> [Exercise objective] Nothing but the lines below from the one that contains "在泥哨非遗传承人、世界埙哨博" through the one that contains "Potete rendere più" should be retyped, exactly and including both ends. Do not include pictures.

> [Information given]
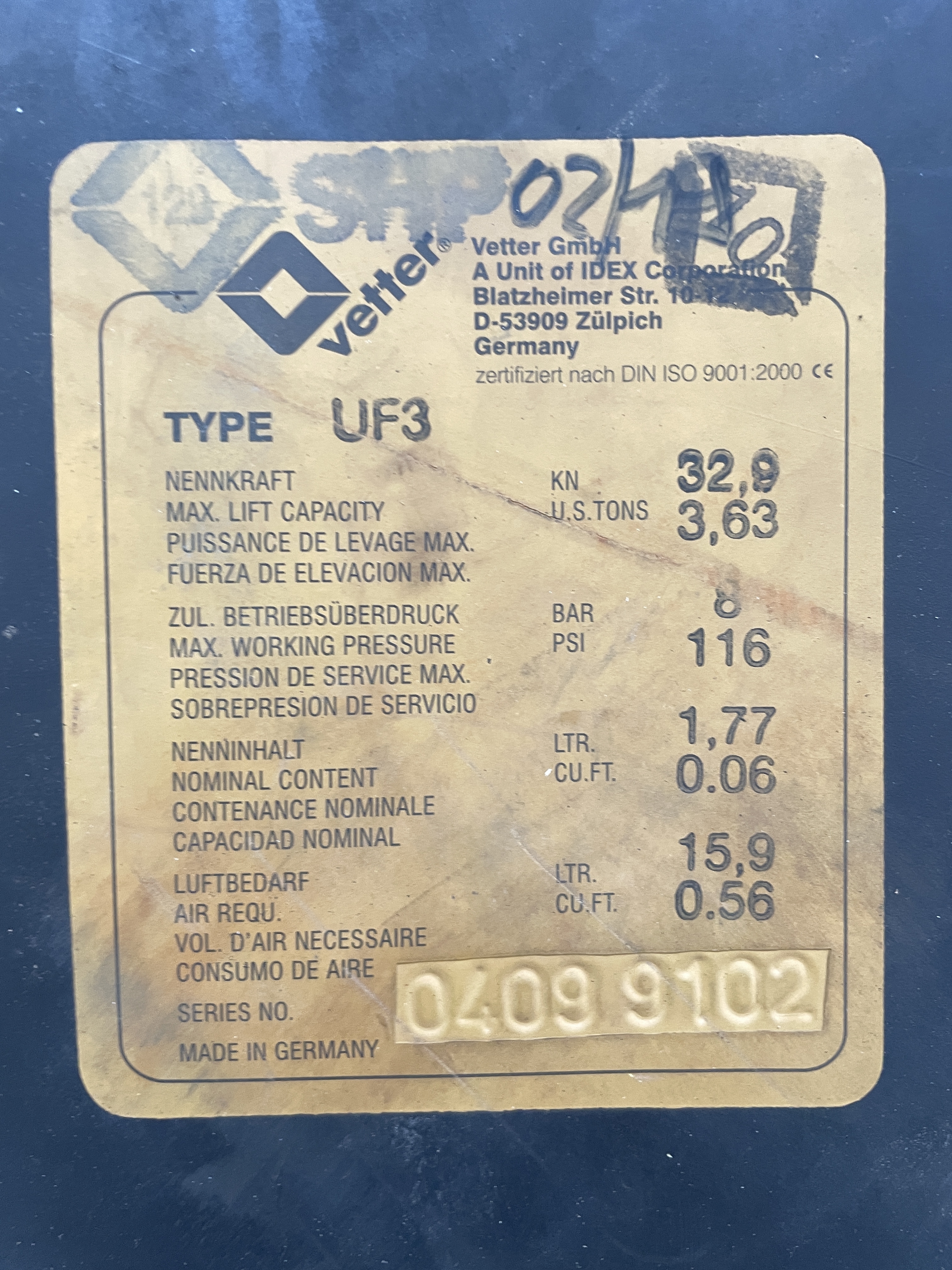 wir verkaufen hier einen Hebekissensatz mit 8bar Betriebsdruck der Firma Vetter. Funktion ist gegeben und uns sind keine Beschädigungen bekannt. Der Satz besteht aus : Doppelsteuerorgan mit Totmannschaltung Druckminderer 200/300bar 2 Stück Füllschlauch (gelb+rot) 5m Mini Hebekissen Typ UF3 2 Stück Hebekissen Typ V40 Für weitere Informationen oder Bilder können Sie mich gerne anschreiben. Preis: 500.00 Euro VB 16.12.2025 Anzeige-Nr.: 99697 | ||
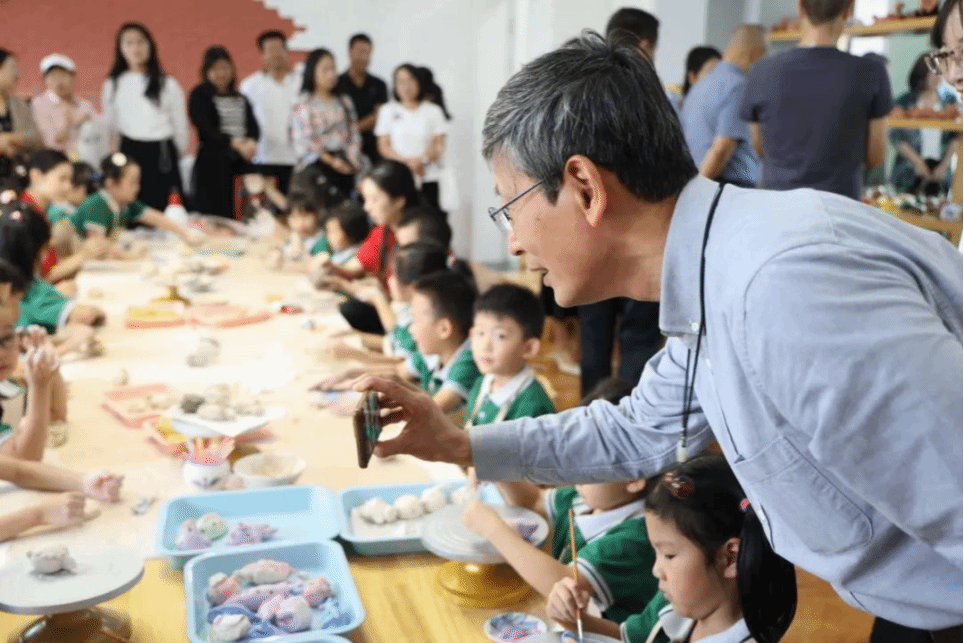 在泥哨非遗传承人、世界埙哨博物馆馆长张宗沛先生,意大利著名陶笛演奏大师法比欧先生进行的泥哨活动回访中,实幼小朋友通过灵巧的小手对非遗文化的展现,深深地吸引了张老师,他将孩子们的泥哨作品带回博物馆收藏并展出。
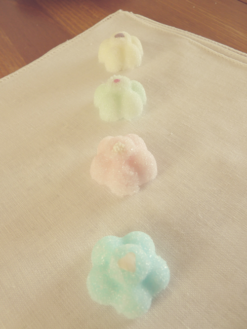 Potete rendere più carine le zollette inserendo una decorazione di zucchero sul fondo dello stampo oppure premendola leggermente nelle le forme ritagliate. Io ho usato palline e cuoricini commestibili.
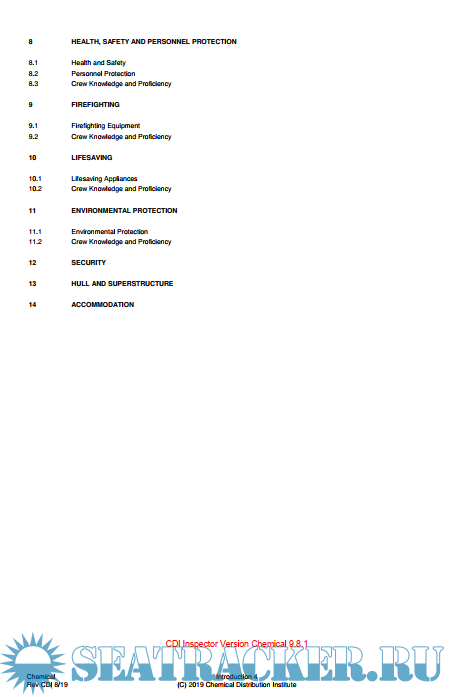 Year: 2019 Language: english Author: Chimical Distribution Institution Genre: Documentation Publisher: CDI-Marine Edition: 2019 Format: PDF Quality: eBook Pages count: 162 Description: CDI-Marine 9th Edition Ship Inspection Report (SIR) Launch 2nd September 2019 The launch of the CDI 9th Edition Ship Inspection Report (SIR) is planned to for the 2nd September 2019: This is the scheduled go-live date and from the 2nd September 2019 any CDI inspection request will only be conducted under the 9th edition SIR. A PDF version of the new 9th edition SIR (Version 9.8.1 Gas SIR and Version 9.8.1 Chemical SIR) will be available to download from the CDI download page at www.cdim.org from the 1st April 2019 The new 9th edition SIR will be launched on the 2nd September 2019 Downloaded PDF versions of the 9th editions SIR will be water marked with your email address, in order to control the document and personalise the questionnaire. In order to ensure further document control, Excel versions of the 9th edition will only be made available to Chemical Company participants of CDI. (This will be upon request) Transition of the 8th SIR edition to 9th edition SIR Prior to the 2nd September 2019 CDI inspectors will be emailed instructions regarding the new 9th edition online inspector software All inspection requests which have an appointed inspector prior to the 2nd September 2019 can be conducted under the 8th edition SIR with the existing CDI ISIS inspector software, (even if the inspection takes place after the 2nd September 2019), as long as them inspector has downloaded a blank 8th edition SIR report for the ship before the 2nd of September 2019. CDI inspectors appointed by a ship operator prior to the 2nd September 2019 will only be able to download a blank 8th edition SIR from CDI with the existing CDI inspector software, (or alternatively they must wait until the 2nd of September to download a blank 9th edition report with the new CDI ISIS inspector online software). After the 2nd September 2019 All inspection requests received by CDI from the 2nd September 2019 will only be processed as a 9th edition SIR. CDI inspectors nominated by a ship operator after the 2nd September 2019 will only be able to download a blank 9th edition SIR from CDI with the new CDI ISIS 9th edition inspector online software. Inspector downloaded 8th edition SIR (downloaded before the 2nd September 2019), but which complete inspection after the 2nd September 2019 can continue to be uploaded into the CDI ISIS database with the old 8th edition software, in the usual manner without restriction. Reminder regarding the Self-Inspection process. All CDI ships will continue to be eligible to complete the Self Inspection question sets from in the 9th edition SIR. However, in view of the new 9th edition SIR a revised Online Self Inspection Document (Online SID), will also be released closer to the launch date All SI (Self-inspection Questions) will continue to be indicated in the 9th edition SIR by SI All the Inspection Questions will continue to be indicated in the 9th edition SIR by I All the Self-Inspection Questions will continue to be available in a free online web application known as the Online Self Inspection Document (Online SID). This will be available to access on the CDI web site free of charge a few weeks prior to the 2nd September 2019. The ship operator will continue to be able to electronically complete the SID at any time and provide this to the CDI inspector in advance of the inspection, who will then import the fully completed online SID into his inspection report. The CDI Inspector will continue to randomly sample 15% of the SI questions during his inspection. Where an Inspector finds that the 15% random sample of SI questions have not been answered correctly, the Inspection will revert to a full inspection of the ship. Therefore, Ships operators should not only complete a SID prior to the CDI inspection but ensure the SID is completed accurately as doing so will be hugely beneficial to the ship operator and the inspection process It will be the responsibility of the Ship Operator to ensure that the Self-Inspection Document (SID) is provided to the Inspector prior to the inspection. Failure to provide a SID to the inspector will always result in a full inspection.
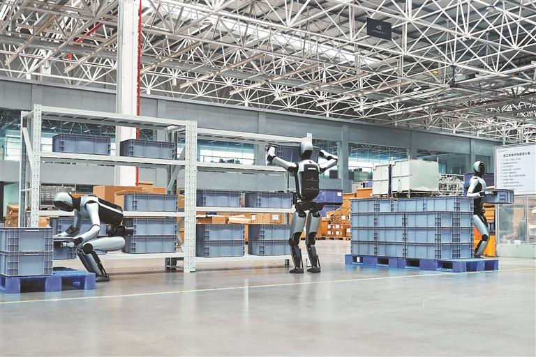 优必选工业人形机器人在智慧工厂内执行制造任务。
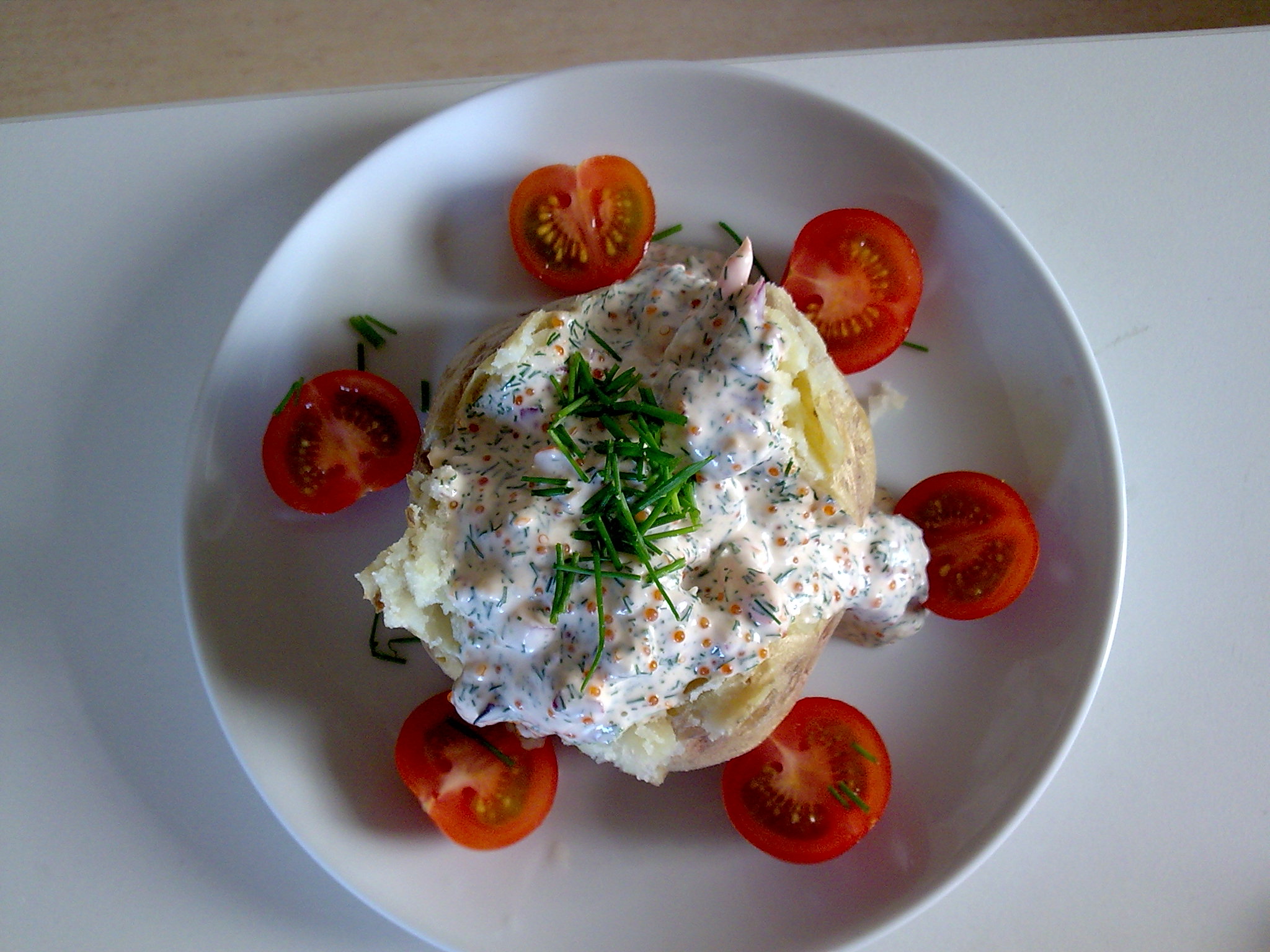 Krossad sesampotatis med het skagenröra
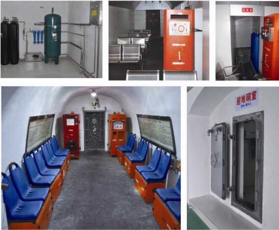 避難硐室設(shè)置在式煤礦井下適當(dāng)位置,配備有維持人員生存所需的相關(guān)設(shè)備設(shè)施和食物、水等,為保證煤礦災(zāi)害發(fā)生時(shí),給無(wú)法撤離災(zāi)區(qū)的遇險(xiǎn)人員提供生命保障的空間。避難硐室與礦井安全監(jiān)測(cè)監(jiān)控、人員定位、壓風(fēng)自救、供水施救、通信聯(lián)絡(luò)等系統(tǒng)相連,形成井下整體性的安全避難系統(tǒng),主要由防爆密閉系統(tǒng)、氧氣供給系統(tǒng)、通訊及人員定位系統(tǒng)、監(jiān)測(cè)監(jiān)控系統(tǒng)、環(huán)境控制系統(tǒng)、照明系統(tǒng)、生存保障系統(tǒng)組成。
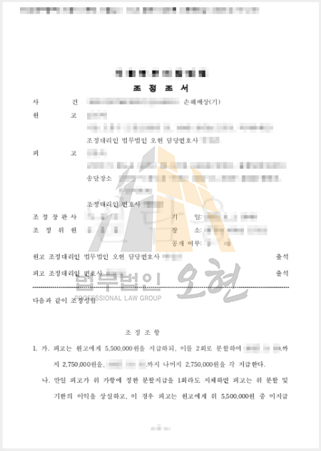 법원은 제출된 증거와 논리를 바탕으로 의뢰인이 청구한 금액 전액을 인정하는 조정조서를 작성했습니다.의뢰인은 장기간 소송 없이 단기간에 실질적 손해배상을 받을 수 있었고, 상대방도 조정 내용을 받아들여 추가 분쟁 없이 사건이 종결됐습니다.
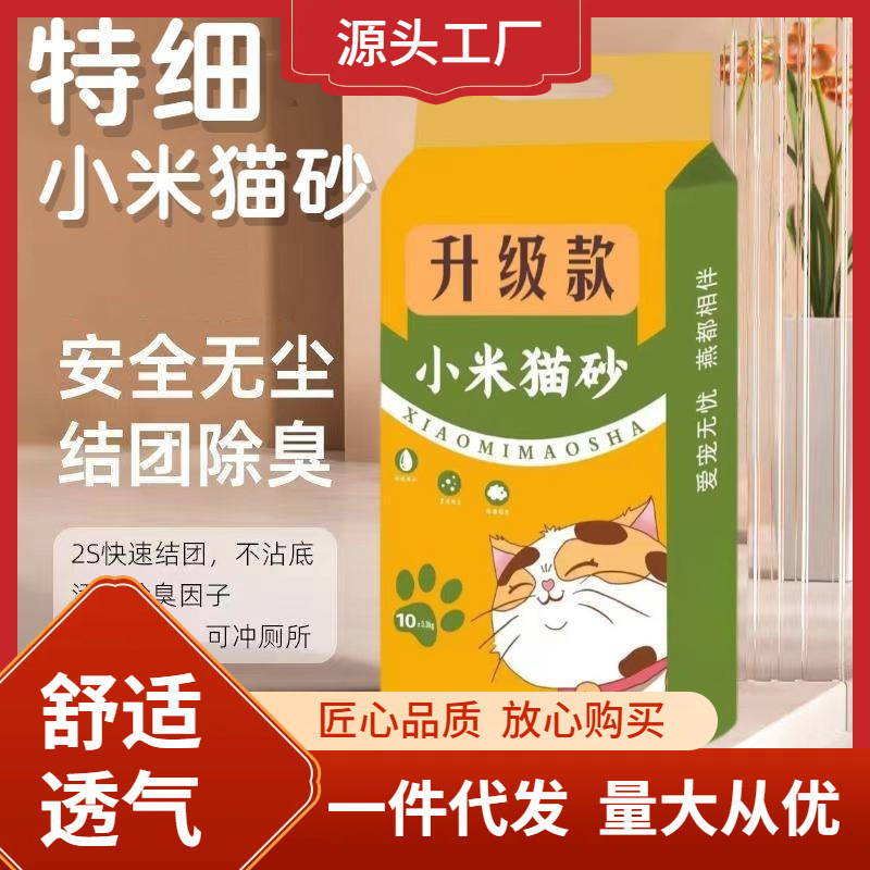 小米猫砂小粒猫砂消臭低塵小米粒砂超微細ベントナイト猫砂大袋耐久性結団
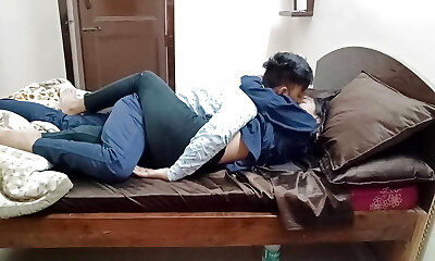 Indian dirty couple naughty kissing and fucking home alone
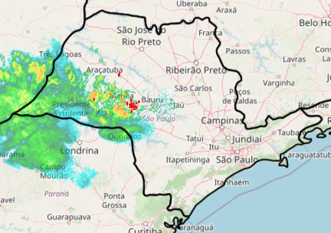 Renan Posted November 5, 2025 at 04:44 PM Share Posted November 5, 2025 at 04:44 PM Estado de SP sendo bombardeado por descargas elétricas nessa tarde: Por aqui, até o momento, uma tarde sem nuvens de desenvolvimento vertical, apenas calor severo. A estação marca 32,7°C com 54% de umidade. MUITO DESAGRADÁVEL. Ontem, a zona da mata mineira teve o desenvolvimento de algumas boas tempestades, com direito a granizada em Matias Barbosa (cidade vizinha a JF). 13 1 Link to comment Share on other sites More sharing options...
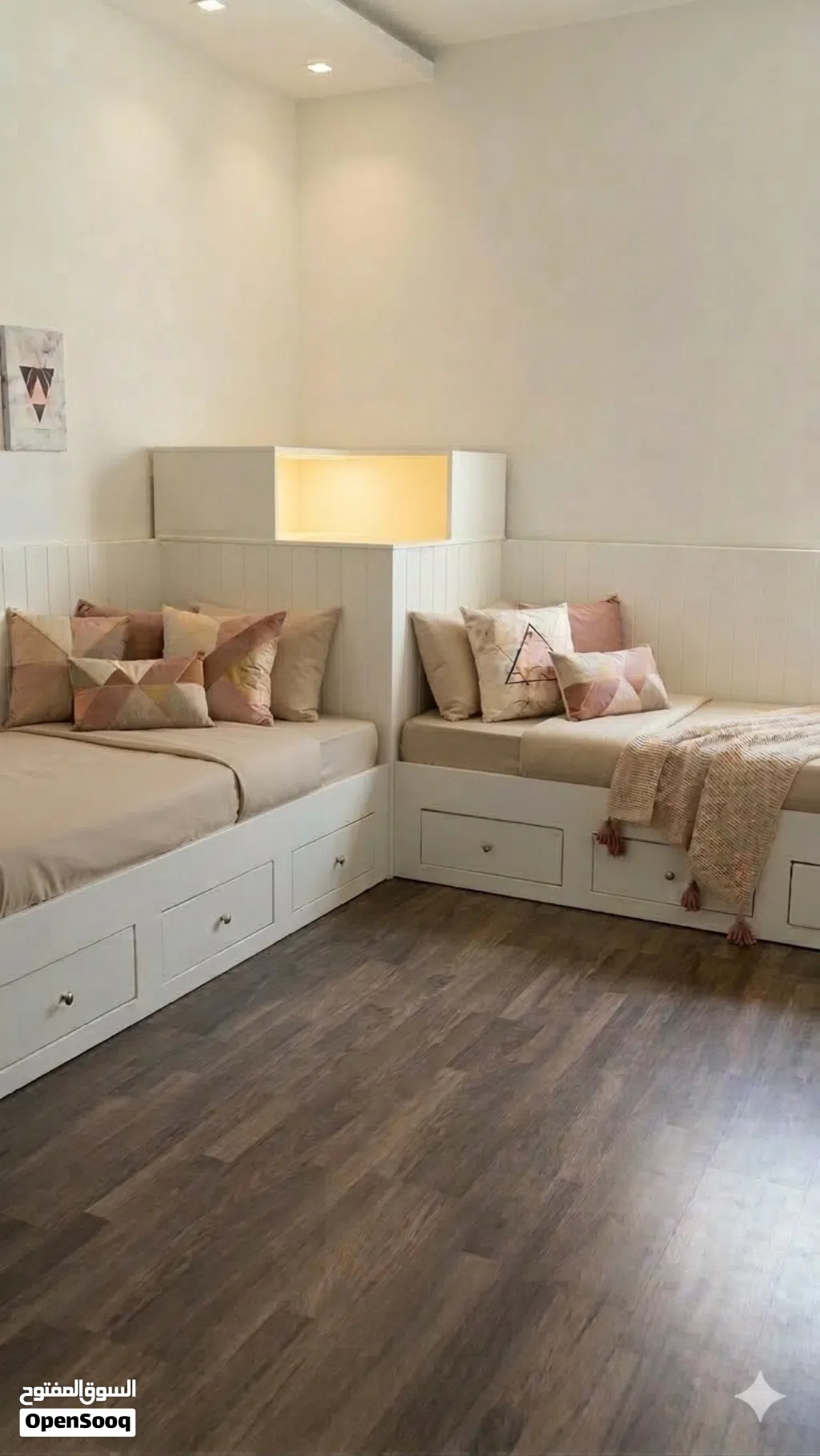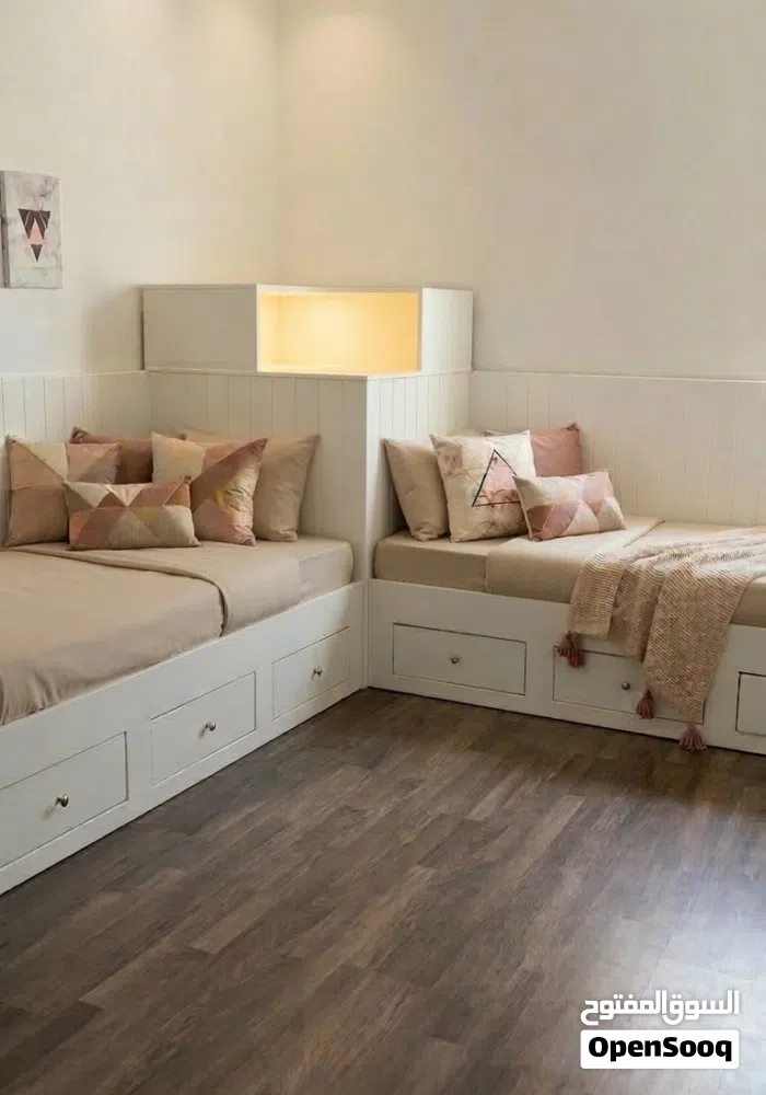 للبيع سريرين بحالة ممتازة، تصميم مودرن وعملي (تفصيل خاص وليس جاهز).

> [Response area]
 在泥哨非遗传承人、世界埙哨博物馆馆长张宗沛先生,意大利著名陶笛演奏大师法比欧先生进行的泥哨活动回访中,实幼小朋友通过灵巧的小手对非遗文化的展现,深深地吸引了张老师,他将孩子们的泥哨作品带回博物馆收藏并展出。
 Potete rendere più carine le zollette inserendo una decorazione di zucchero sul fondo dello stampo oppure premendola leggermente nelle le forme ritagliate. Io ho usato palline e cuoricini commestibili.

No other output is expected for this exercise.